Given entries:

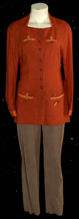 A costume style first appearing in Star Trek II: The Wrath of Kahn and continuing to be in use through the opening sequence of Star Trek: Generations. This costume consists of a long-sleeved, full-length, red jumpsuit featuring a tan yoke, black piping, a red ribbed collar and sleeve cuffs indicating … |
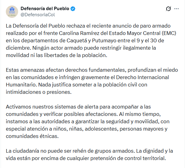 Según la Defensoría del Pueblo, “Estas amenazas afectan derechos fundamentales, profundizan el miedo en las comunidades e infringen gravemente el Derecho Internacional Humanitario. Nada justifica someter a la población civil con intimidaciones o presiones”.
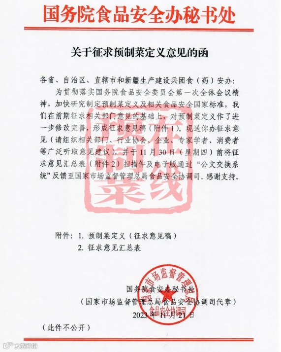 该函件显示,为贯彻落实相关政策,加快研究制定预制菜定义及相关食品安全国家标准,在前期征求相关部门意见的基础上,对预制菜定义作了进一步修改完善,形成征求意见稿。
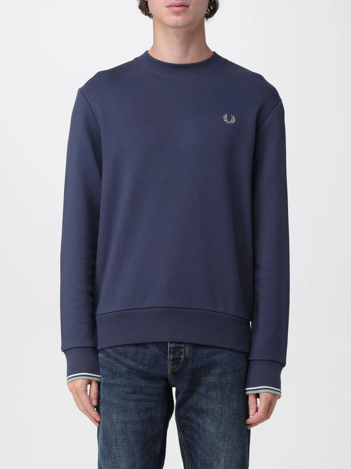 DESCRIPTION - Style: Basic - Logo: Contrasting, Embroidered - Model: Crewneck - Neckline: Crewneck - Shoulders: Regular - Sleeves: Long - Bottom: With straight hemline - Materials: Cotton - Pattern: Logo, Plain-colored DETAILS AND CARE Composition COTTON SIZE AND FIT Sizes not available Size and fit Regular fit Designer code: FPM753555 Z47 Giglio Code: H38945 Designer: Fred Perry Collection: Fred Perry Men Category: Clothing Fred Perry
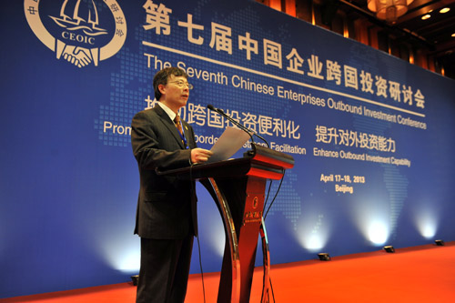 在第七屆中國企業(yè)跨國投資研討會上,中國貿(mào)促會會長萬季飛發(fā)表講話。張慧娟
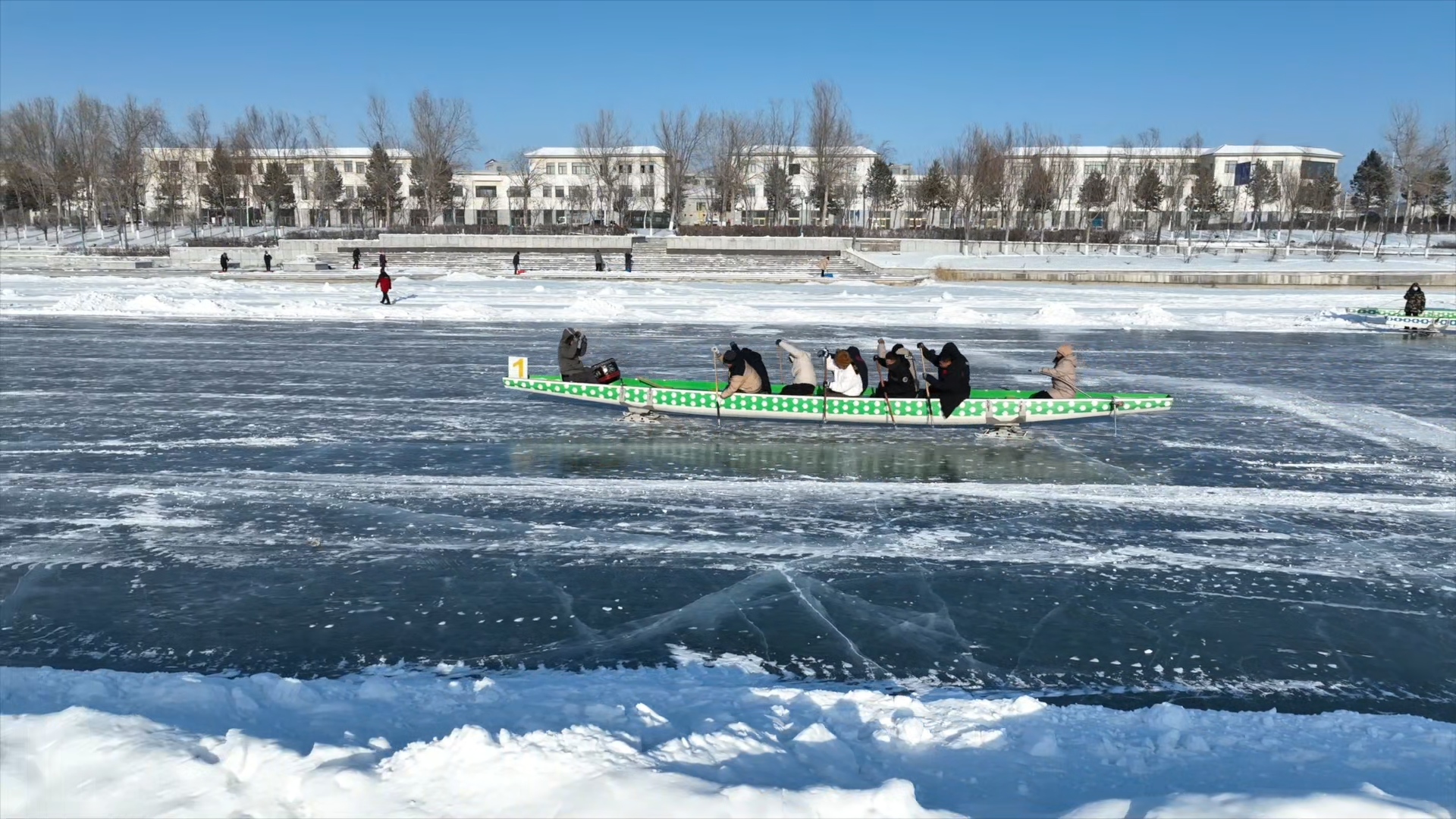 在冰封的玉带河上,参赛队伍合力划行,冰舟飞驰向前。

Exercise: From the line containing "DESCRIPTION - Style: Basic" to the last line of the entries, copy every line exactly, including both ends, and leave out the pictures.

Answer section:
 DESCRIPTION - Style: Basic - Logo: Contrasting, Embroidered - Model: Crewneck - Neckline: Crewneck - Shoulders: Regular - Sleeves: Long - Bottom: With straight hemline - Materials: Cotton - Pattern: Logo, Plain-colored DETAILS AND CARE Composition COTTON SIZE AND FIT Sizes not available Size and fit Regular fit Designer code: FPM753555 Z47 Giglio Code: H38945 Designer: Fred Perry Collection: Fred Perry Men Category: Clothing Fred Perry
 在第七屆中國企業(yè)跨國投資研討會上,中國貿(mào)促會會長萬季飛發(fā)表講話。張慧娟
 在冰封的玉带河上,参赛队伍合力划行,冰舟飞驰向前。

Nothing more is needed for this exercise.